Prompt - Write again exactly the lines in the listing below, starting at the line with "Advertisement Ad 1990" and ending at the line with "Розетка USB type-C", both included. Pictures are not copied.

Data excerpts -
━━━━━━━━━━━━━━━━

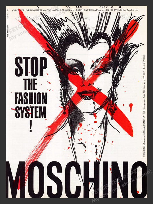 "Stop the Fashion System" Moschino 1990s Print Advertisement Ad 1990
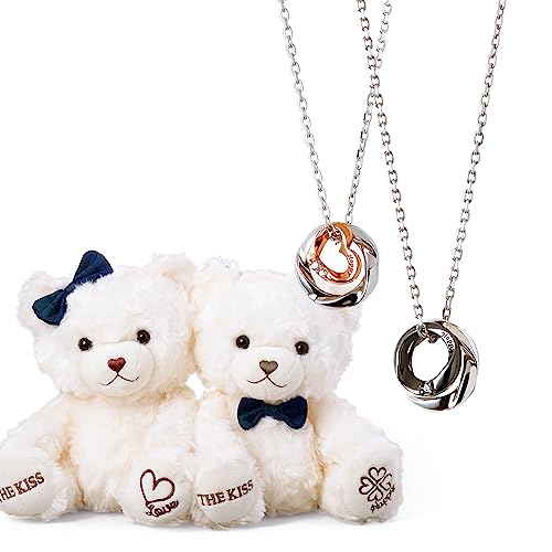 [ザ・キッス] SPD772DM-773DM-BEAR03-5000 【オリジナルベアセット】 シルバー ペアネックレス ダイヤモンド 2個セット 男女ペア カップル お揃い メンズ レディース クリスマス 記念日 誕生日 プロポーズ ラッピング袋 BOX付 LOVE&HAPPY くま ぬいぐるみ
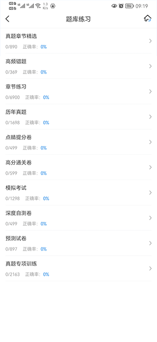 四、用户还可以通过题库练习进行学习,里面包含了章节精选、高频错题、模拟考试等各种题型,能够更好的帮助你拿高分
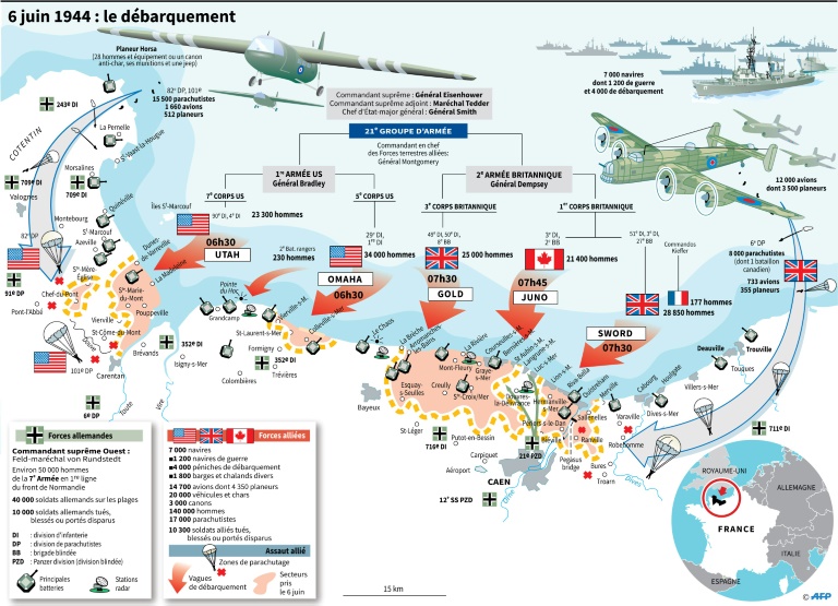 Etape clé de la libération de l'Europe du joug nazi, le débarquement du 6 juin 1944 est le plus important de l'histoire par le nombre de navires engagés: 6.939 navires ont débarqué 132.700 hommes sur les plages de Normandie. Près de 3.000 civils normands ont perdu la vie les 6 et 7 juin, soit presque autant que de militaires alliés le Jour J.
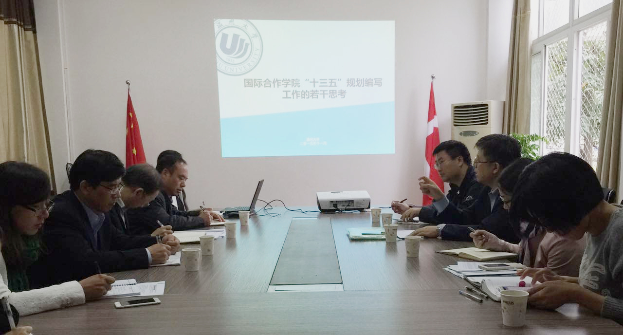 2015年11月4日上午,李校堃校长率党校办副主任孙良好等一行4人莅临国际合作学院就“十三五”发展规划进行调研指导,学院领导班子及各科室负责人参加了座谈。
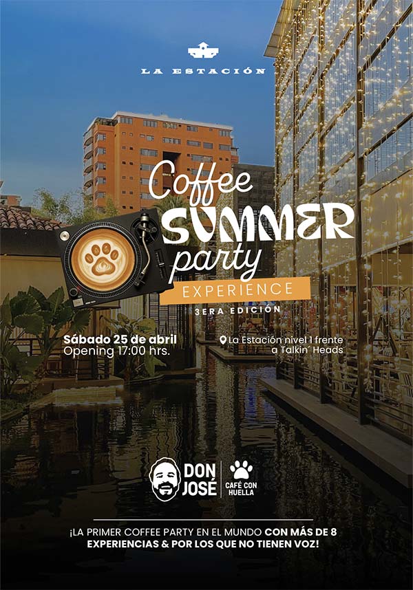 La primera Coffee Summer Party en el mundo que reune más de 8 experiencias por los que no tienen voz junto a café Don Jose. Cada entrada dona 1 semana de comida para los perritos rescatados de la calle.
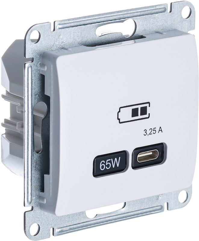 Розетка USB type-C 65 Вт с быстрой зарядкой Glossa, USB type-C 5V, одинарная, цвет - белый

━━━━━━━━━━━━━━━━

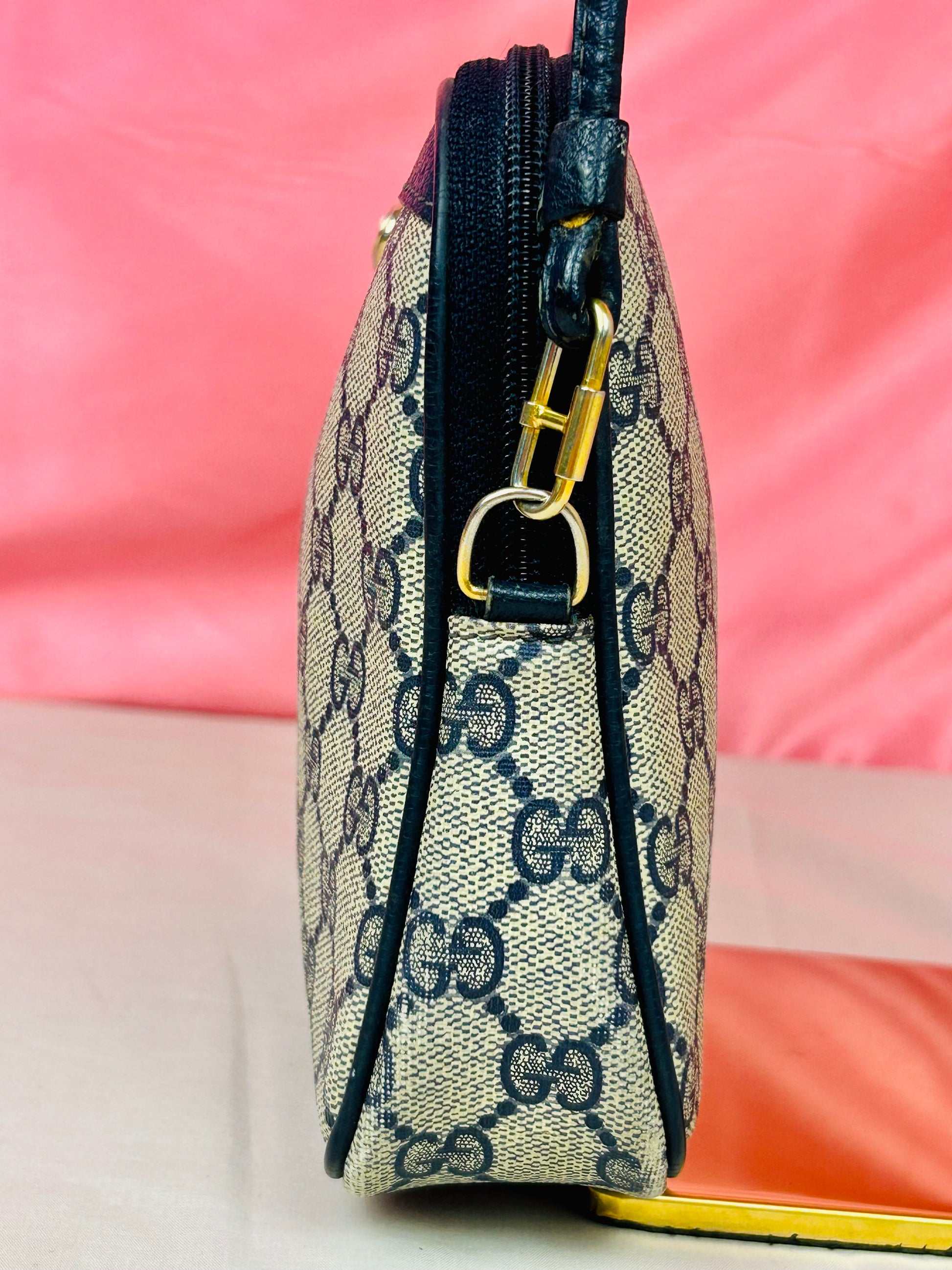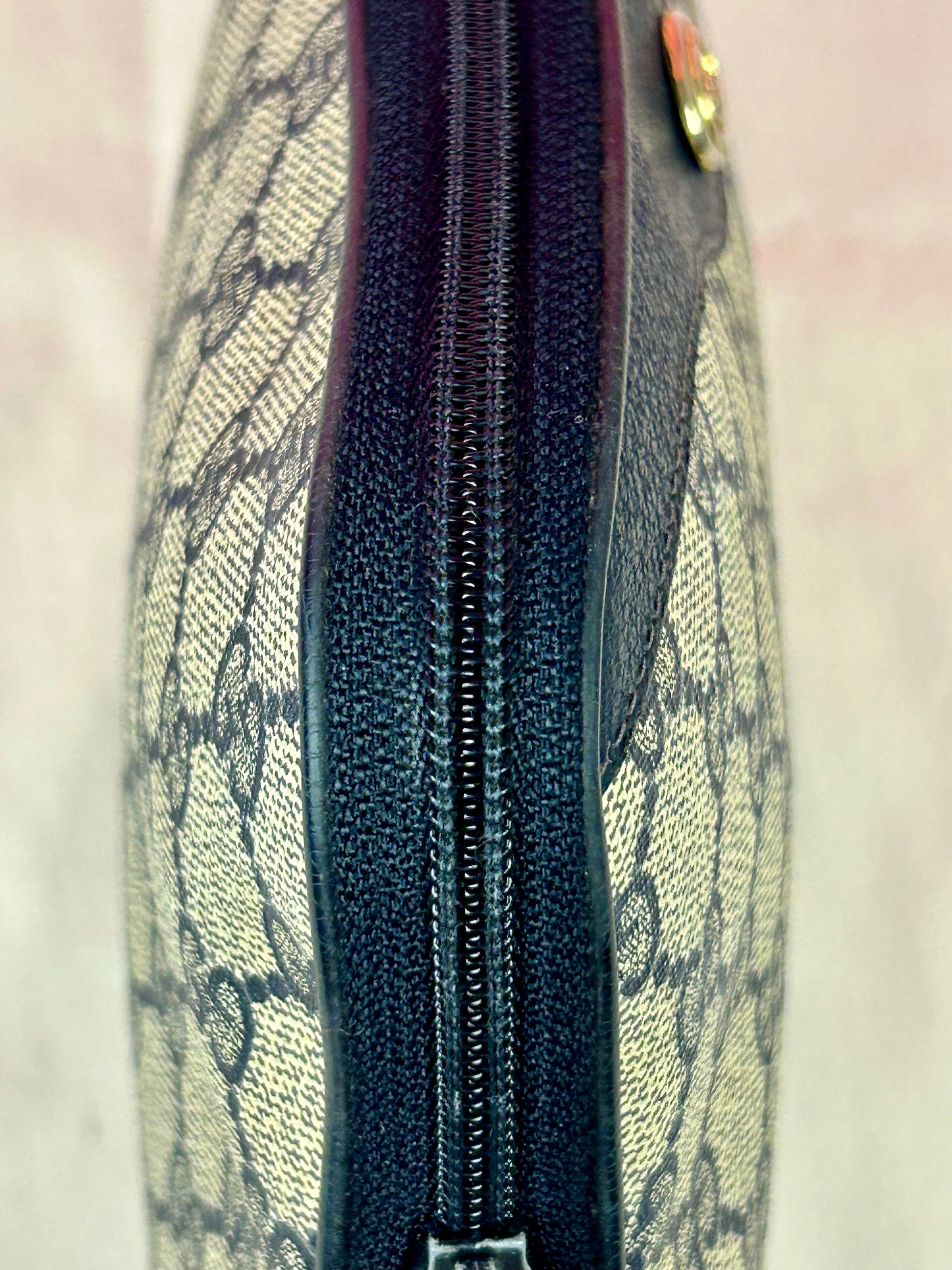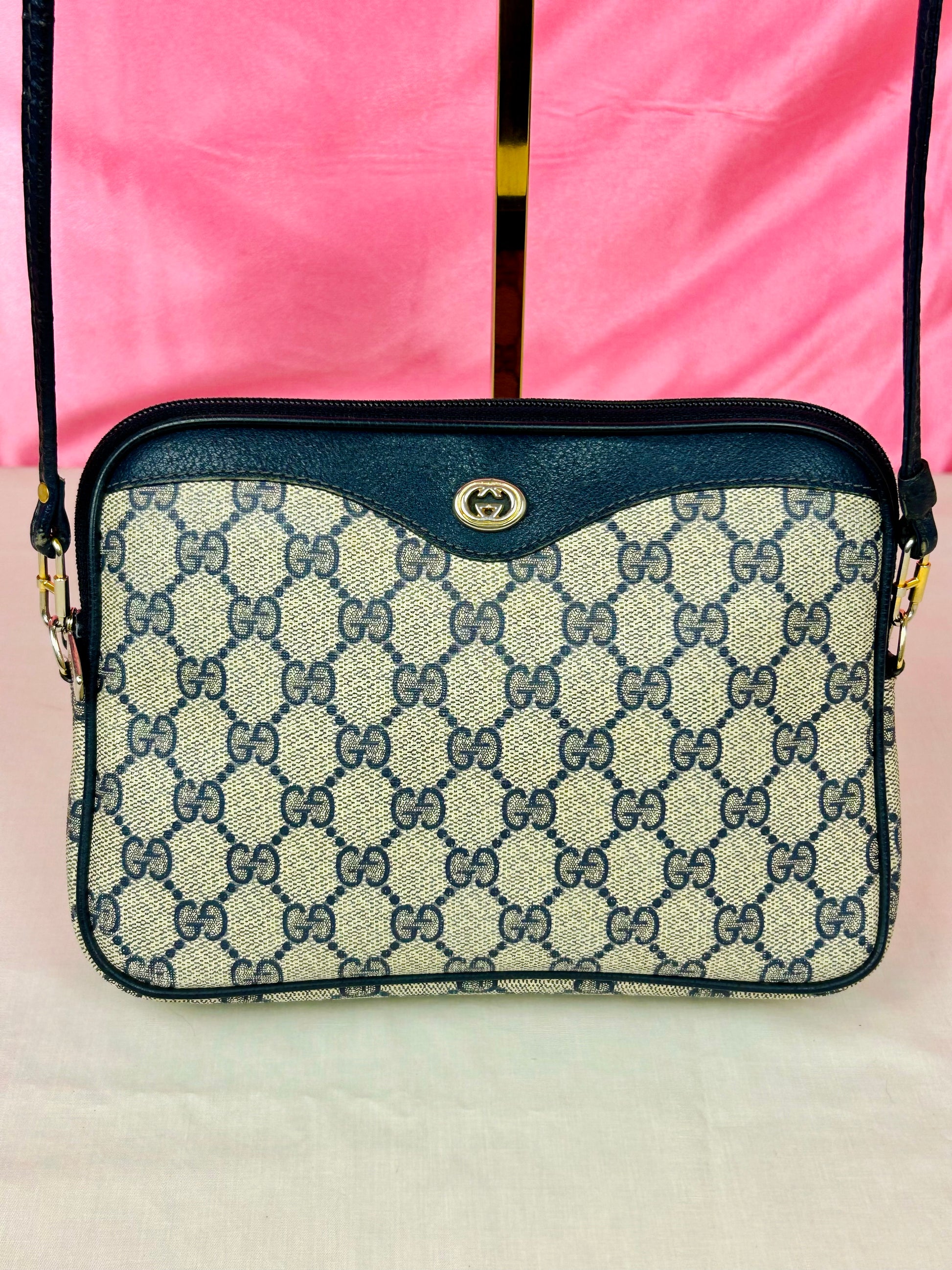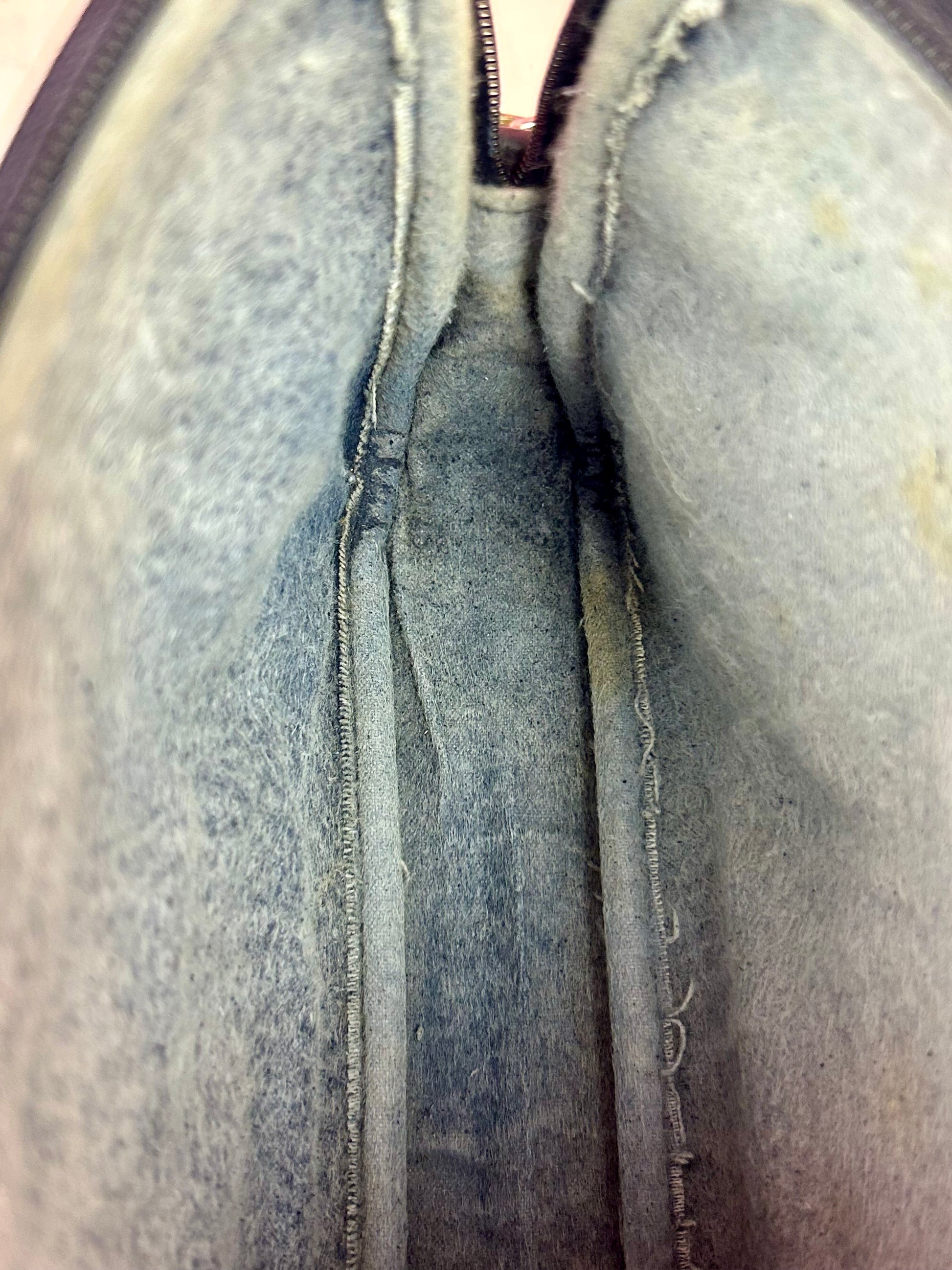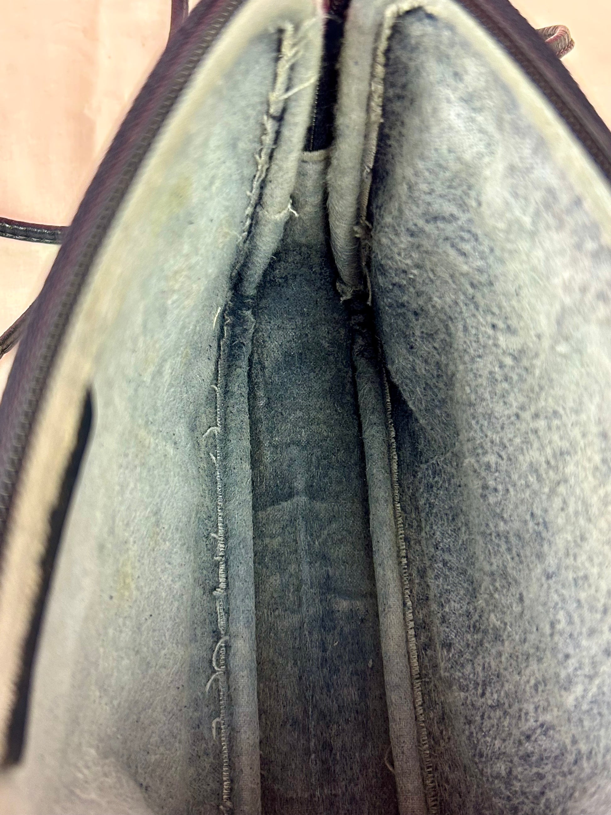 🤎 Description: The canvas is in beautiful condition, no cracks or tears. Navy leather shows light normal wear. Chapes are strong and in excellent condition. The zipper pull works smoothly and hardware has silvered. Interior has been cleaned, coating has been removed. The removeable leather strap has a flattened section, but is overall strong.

━━━━━━━━━━━━━━━━

Final answer -
 "Stop the Fashion System" Moschino 1990s Print Advertisement Ad 1990
 [ザ・キッス] SPD772DM-773DM-BEAR03-5000 【オリジナルベアセット】 シルバー ペアネックレス ダイヤモンド 2個セット 男女ペア カップル お揃い メンズ レディース クリスマス 記念日 誕生日 プロポーズ ラッピング袋 BOX付 LOVE&HAPPY くま ぬいぐるみ
 四、用户还可以通过题库练习进行学习,里面包含了章节精选、高频错题、模拟考试等各种题型,能够更好的帮助你拿高分
 Etape clé de la libération de l'Europe du joug nazi, le débarquement du 6 juin 1944 est le plus important de l'histoire par le nombre de navires engagés: 6.939 navires ont débarqué 132.700 hommes sur les plages de Normandie. Près de 3.000 civils normands ont perdu la vie les 6 et 7 juin, soit presque autant que de militaires alliés le Jour J.
 2015年11月4日上午,李校堃校长率党校办副主任孙良好等一行4人莅临国际合作学院就“十三五”发展规划进行调研指导,学院领导班子及各科室负责人参加了座谈。
 La primera Coffee Summer Party en el mundo que reune más de 8 experiencias por los que no tienen voz junto a café Don Jose. Cada entrada dona 1 semana de comida para los perritos rescatados de la calle.
 Розетка USB type-C 65 Вт с быстрой зарядкой Glossa, USB type-C 5V, одинарная, цвет - белый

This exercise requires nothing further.